Kemal Okuyan yanıtladı: Rusya-Ukrayna savaşı nereye evriliyor?

haber by haber
24 Ekim 2022
in Cilt Bakim, Diyet, Dünya, Eğlence, Foto Galeri, Gündem, Güzellik, Medya, Moda, Oyun, Saç Bakım, Siyaset, Video, Yaşam
0
Kemal Okuyan yanıtladı: Rusya-Ukrayna savaşı nereye evriliyor?
0
SHARES
0
VIEWS
Paylaş FacebookPaylaş Twitter

Türkiye Komünist Partisi Genel Sekreteri Kemal Okuyan, Rusya-Ukrayna savaşının nereye evrildiğini ve buna bağlı olarak dünyadaki gelişmeleri yorumladı.

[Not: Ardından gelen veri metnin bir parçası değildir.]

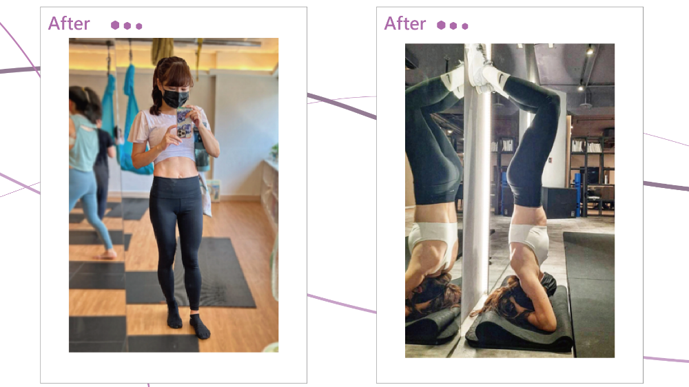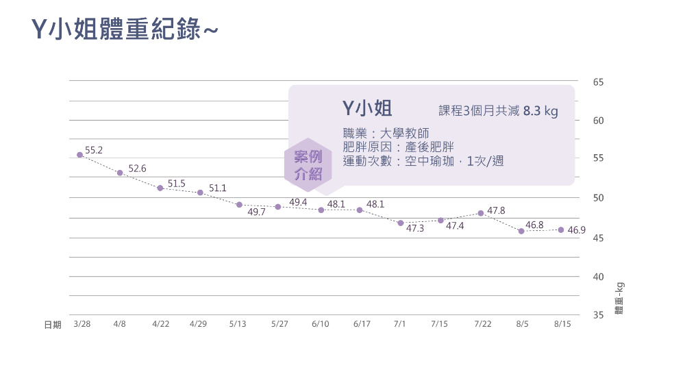 大學教授,在第二胎產後6個月餵母奶,體重仍無法下降,由我提供客製化飲食與生活調整。結果不但恢復身材,在4個月內瘦了8.3公斤,還愛上空中瑜珈,找到育兒、工作與身材維持的生活節奏。
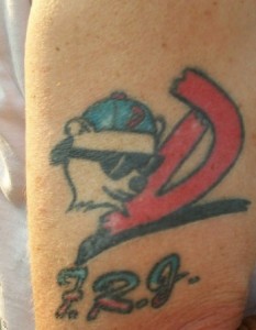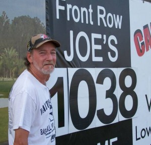 evening game. Surviving the sweltering heat, a man sits along the 3rd baseline in a front row box seat with a personal name tag attached to the back of it that reads, “Joe Rowe”.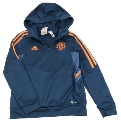 Tmavomodro-oranžová funkčná futbalová mikina Manchester United a kapucňou Adidas

Rusya ve Ukrayna savaşında hangi tarafta olunmalı?

Batı, renkli ihtilal arayışında mı?

Çin’in yaşanan gelişmelerdeki yeri ne?

SSCB ile bugünkü Rusya ortasında bir süreklilik var mı?

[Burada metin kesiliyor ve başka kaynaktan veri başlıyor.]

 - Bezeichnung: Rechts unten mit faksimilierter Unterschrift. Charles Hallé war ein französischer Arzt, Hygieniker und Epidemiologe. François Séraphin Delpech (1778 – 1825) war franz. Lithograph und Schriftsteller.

TKP’nin tavrı “eşit mesafe” olarak tanımlanabilir mi?

Emekçilerin savaş gündeminde rolü ne olacak?

Rusya ve Ukrayna ortasındaki savaşta ‘tarafsız’ kalmak mümkün mü? Daha doğrusu TKP başından beri aldığı tavrı ‘tarafsızlık’ olarak mı isimlendiriyor?

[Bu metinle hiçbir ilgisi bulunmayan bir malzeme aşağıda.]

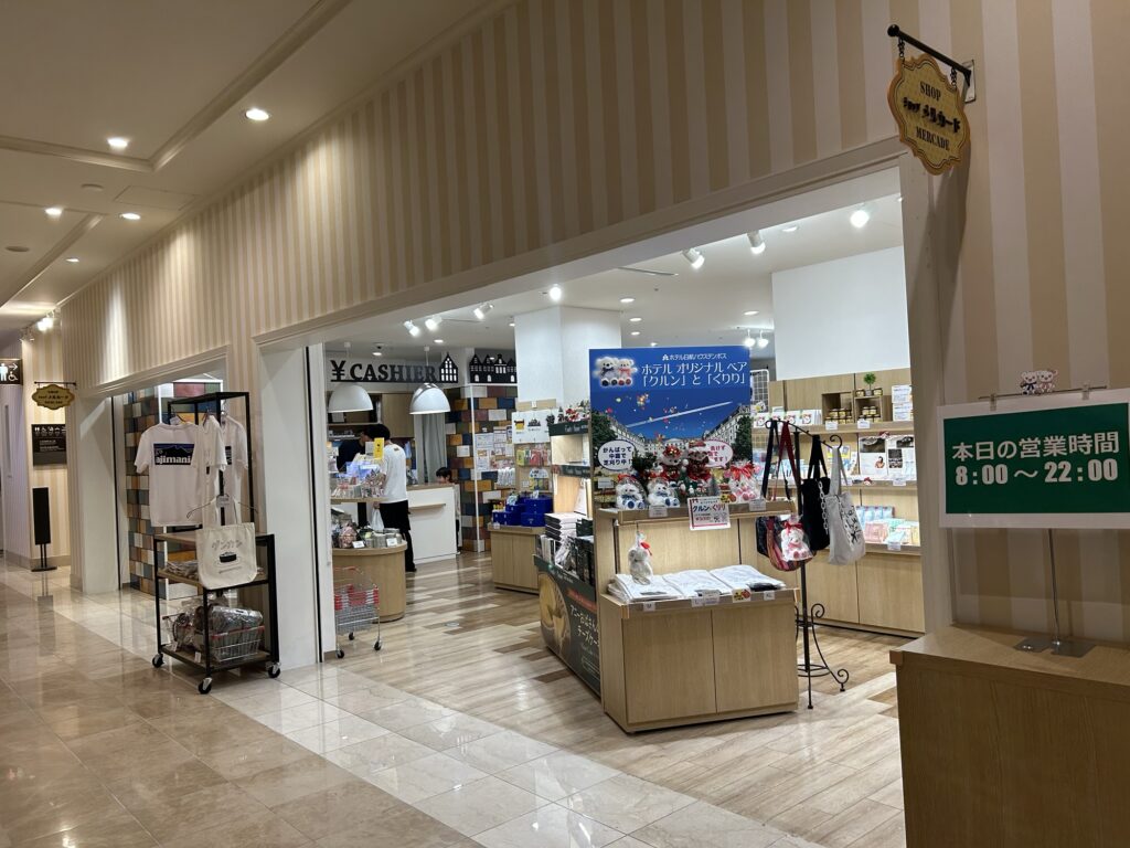 まずは1階フロントすぐ近くにある大きな売店。朝早くから遅くまで営業しているため、ハウステンボスに行く前や閉園後も寄れますよ。

Eskiden “ne Amerika ne Rusya, tam bağımsız Türkiye” diye bir slogan vardı. Bu sloganı Sovyet Sosyalist Cumhuriyetler Birliği’ne düşmanlığın kılıfı olarak yaratanların bir kısmı bugünün Rusyası’nın fanatik savunucusu durumuna geldi. “Ne şu, ne bu” hali siyasette çoklukla anlamsız ve etkisiz bir konumlanıştır. Devrimci çabada her vakit taraf olmak gerekir. Tartıştığımız örnekte de taraf olmak mümkündür. Bugün Ukrayna’da yaşananlarda tarafların bugünkü NATO’cu, hatta neo-faşist Ukrayna idaresi ve onunla hareket eden Ukrayna milliyetçileri ile dünya sisteminde hegemonya gayreti veren kapitalist Rusya olarak belirginleşmesi, memleketler arası personel hareketinin bir zaafı, dünya komünist hareketinin ise tarihi bir ayıbıdır. Rusya ve Ukrayna, Sovyet Sosyalist Cumhuriyetler Birliği bünyesinde barış ve kardeşlik içinde yaşayan iki ögedir, Çarlık Rusyasından Sovyetler Birliği’ne giden süreçte bu iki ulus bağrından kalburüstü devrimciler çıkarmış, güçlü personel hareketlerine yataklık etmiştir. Bugün inanılmaz üzere gözükse de, Rusya ve Ukrayna’daki işçilerin ortak çıkarları vardır ve kendini asıl tabir etmesi gereken taraf budur.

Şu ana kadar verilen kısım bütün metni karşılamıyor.